Recorded data START
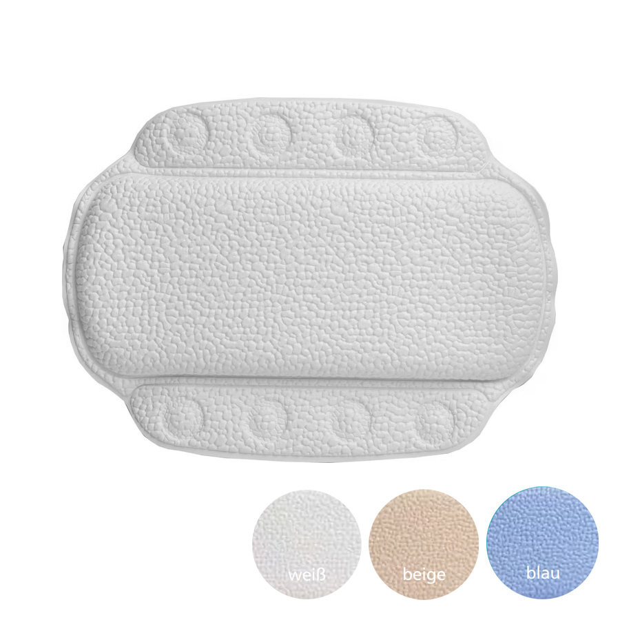 Weiches Badewannen-Kopfpolster für entspanntes, komfortables und bequemes Liegen in der Badewanne. Das Kopfpolster kann mit Saugnäpfen ganz einfach an der gewünschten Stelle in der Badewanne platziert werden.
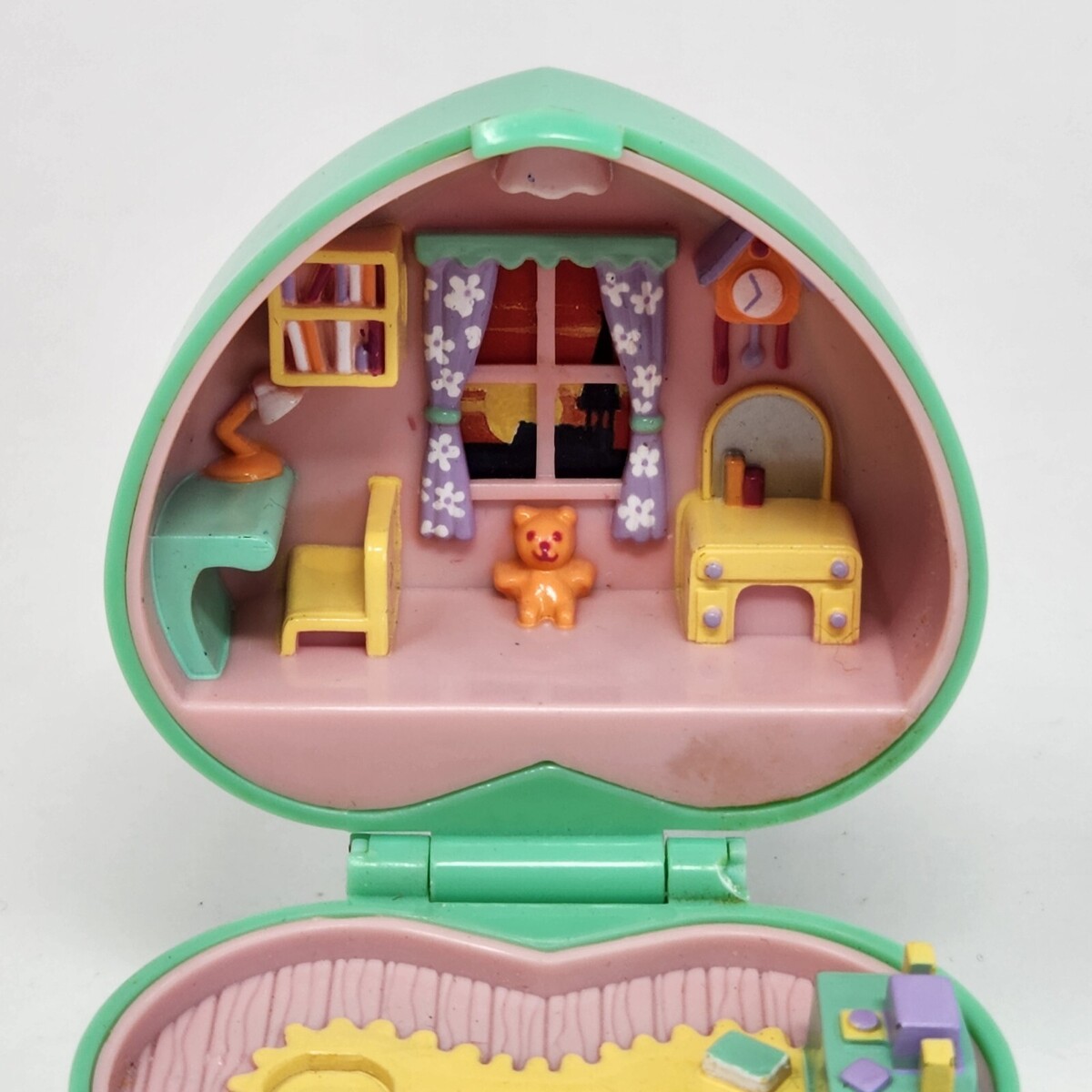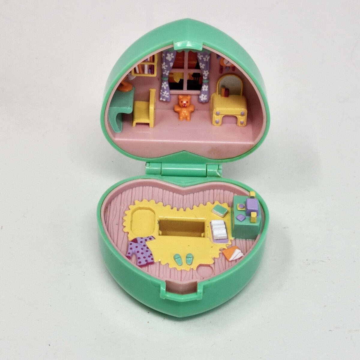 VINTAGE 1991 BLUEBIRD POLLY POCKET MIDGE'S BEDTIME RING COMPACT HEART PLAYSET
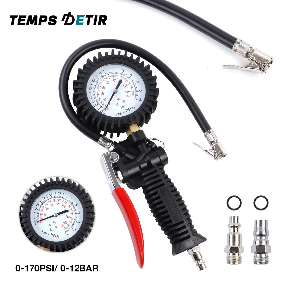 0-170Psi Tire Pressure Gauge, Oil-filled Tire Gauge, Shockproof, Accurate Vehicle Tester Inflation Monitoring, EU/US/JP Adapters
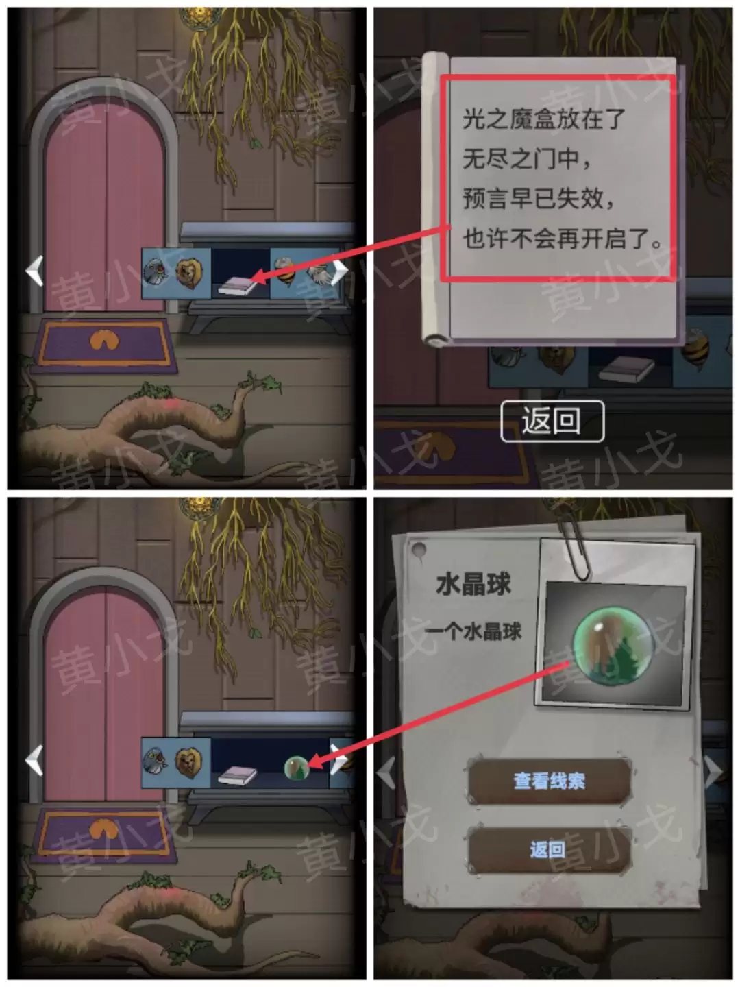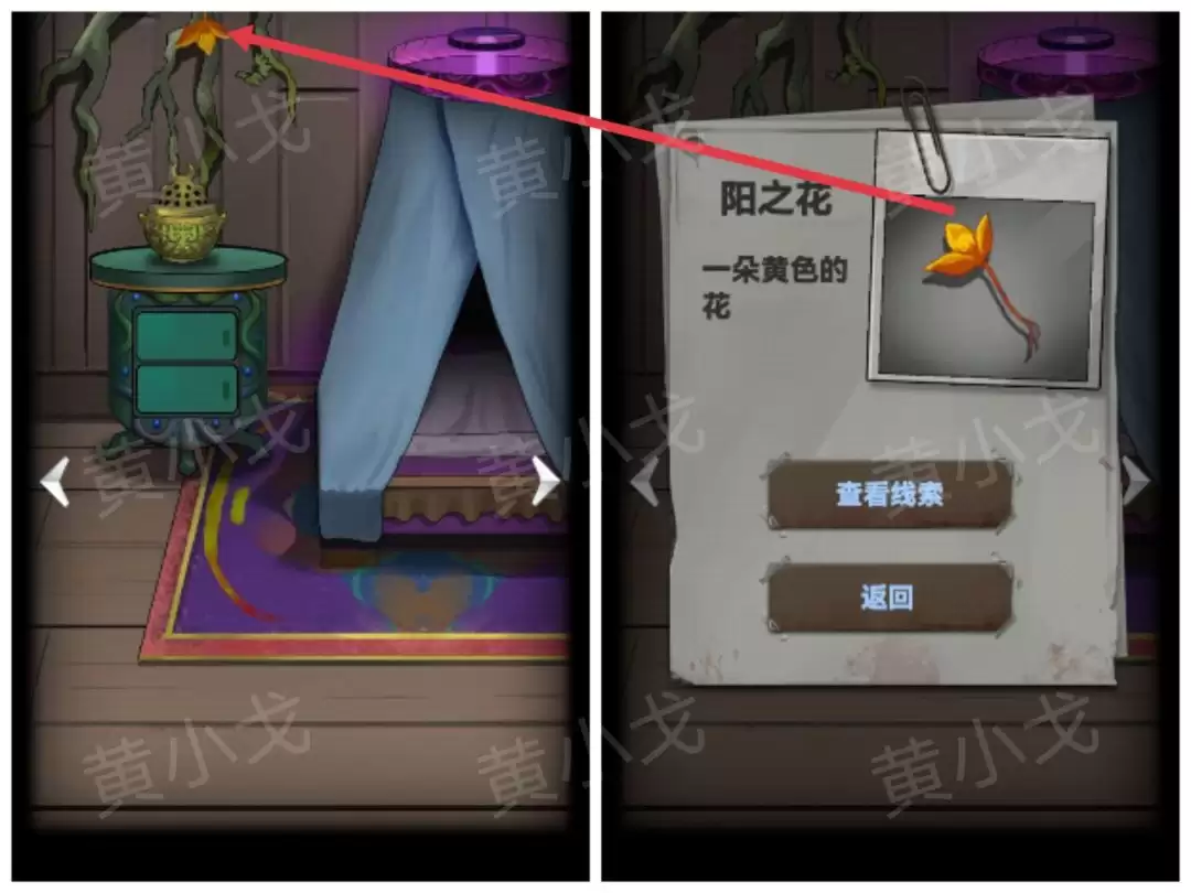 点击床边的香炉。根据之前在无尽之门中获得的纸条线索,将【生之花】、【死之花】、【阳之花】和【阴之花】全部放入香炉,然后用【火柴】点燃。这将开启通往下一阶段的大门。
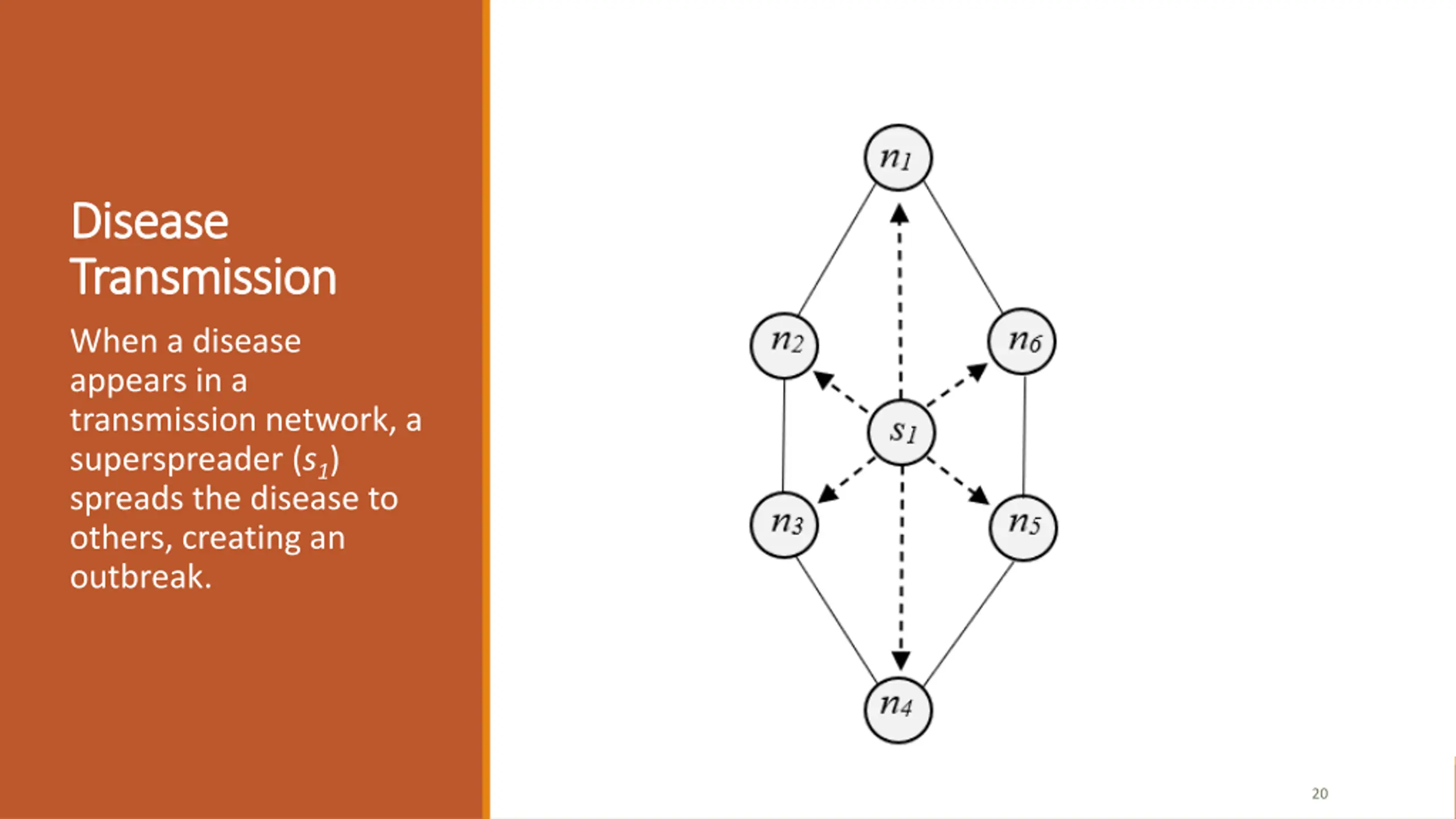 Disease Disease Transmission Transmission When a disease appears in a transmission network, a superspreader (s1) spreads the disease to others, creating an outbreak. 20 PANDEMIC ECONOMICS, CHAPTER 3
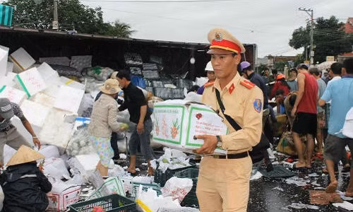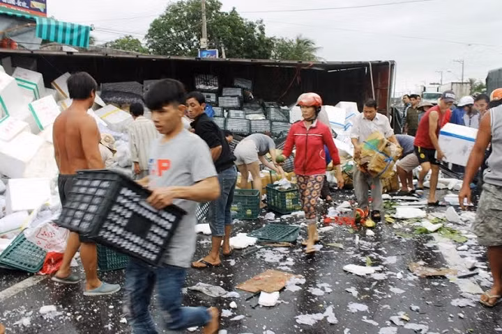 Sau vụ tai nạn nghiêm trọng xảy ra tại địa phận xã Cam Thành Bắc, huyện Cam Lâm (Khánh Hòa) làm cho cả 2 xe ô tô tải bị lật nghiêng. Thấy vậy, hàng trăm người dân không ngần ngại dầm mưa gom hàng giúp tài xế.
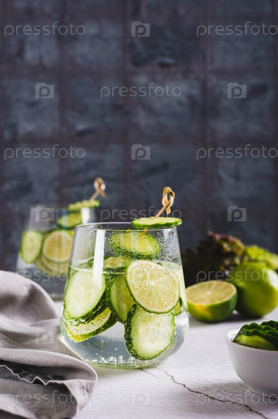 Освежающий газированный лимонад с лаймом и огурцом в стаканах на столе, вертикальный вид
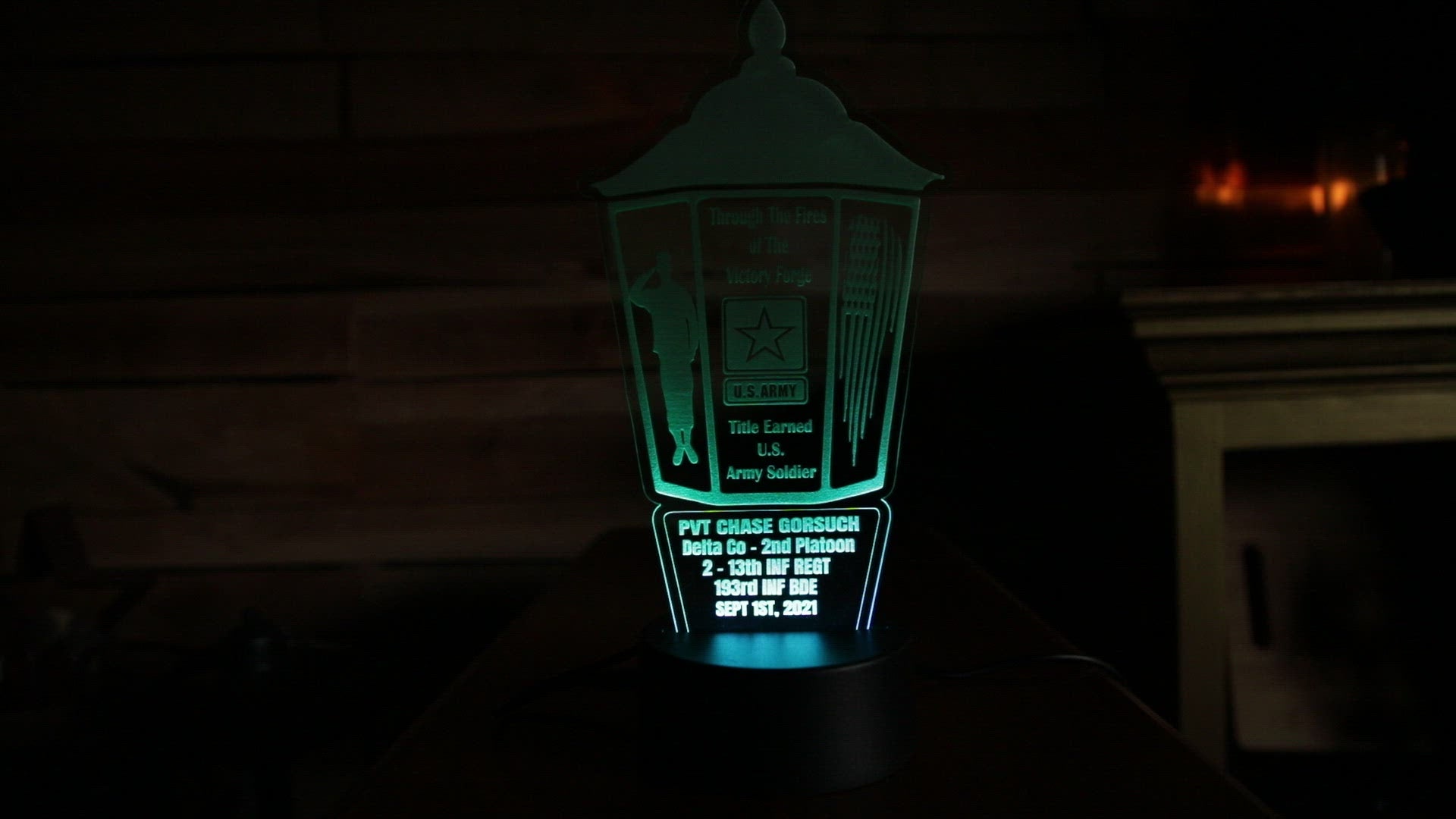 Customize this beautiful, customized, laser-etched LED victory forge light in your choice of green (pictured) or clear acrylic, etched with your soldier's details at the bottom.
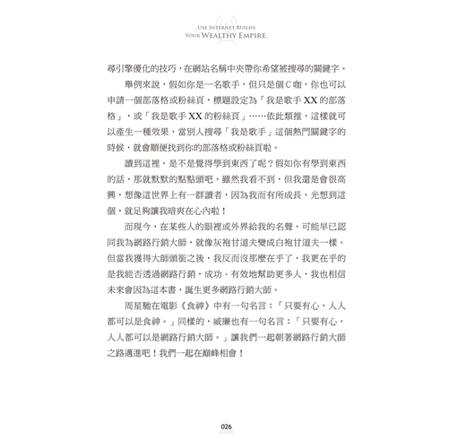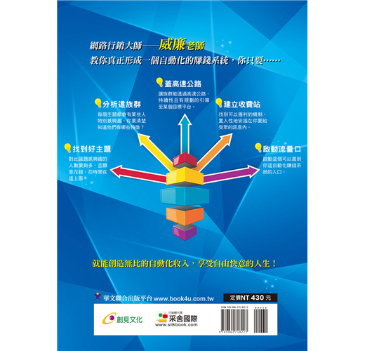 現今這個時代,人人都可以透過網路行銷賺到錢,你只要搞懂流量、名單、轉化,及不對外流傳的網銷太極心法,就能導正你從前錯誤的想法,修正你從前行銷的步驟。阿基米德有一句名言:「給我一個支點,我可以舉起整個地球。」本書將顛覆你對網路行銷的看法,只要連上網路,你就能擁有巨額收入!
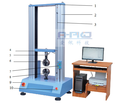 1、拉力機(jī)上橫梁 2、拉力機(jī)支柱 3、機(jī)械限位桿 4、移動橫檔
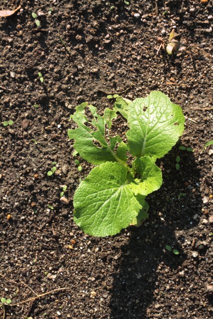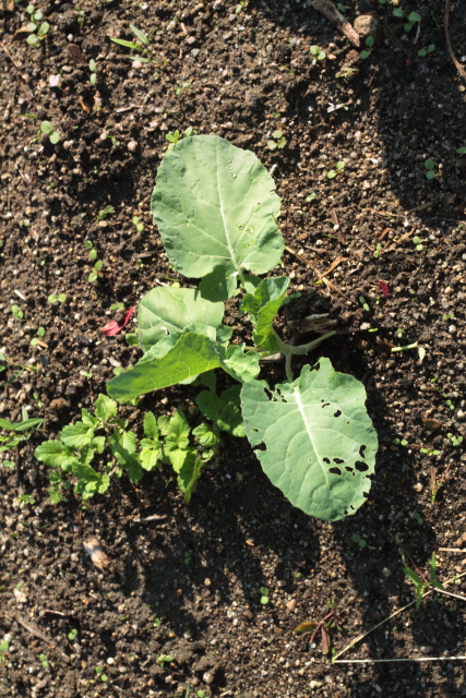 ハクサイ・ブロッコリー・タマネギです。今のところ順調ですね。油断すると枯れるのでしばらくは大事に育てましょう。追肥はもう少し後ですね。マルチを掛けてないので雑草が要注意ですね。
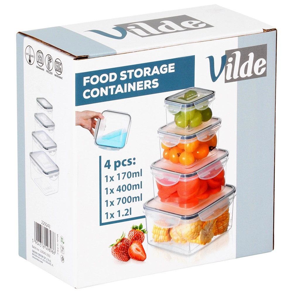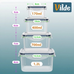 - 4 formaten in de set: 1,2 l, 700 ml, 400 ml, 170 ml – voor verschillende soorten voedsel
Recorded data END
Output, line for line and exactly, the records above from their first line through the one with "Disease Disease Transmission", both ends included, but no pictures.

Response area »
 Weiches Badewannen-Kopfpolster für entspanntes, komfortables und bequemes Liegen in der Badewanne. Das Kopfpolster kann mit Saugnäpfen ganz einfach an der gewünschten Stelle in der Badewanne platziert werden.
 VINTAGE 1991 BLUEBIRD POLLY POCKET MIDGE'S BEDTIME RING COMPACT HEART PLAYSET
 0-170Psi Tire Pressure Gauge, Oil-filled Tire Gauge, Shockproof, Accurate Vehicle Tester Inflation Monitoring, EU/US/JP Adapters
 点击床边的香炉。根据之前在无尽之门中获得的纸条线索,将【生之花】、【死之花】、【阳之花】和【阴之花】全部放入香炉,然后用【火柴】点燃。这将开启通往下一阶段的大门。
 Disease Disease Transmission Transmission When a disease appears in a transmission network, a superspreader (s1) spreads the disease to others, creating an outbreak. 20 PANDEMIC ECONOMICS, CHAPTER 3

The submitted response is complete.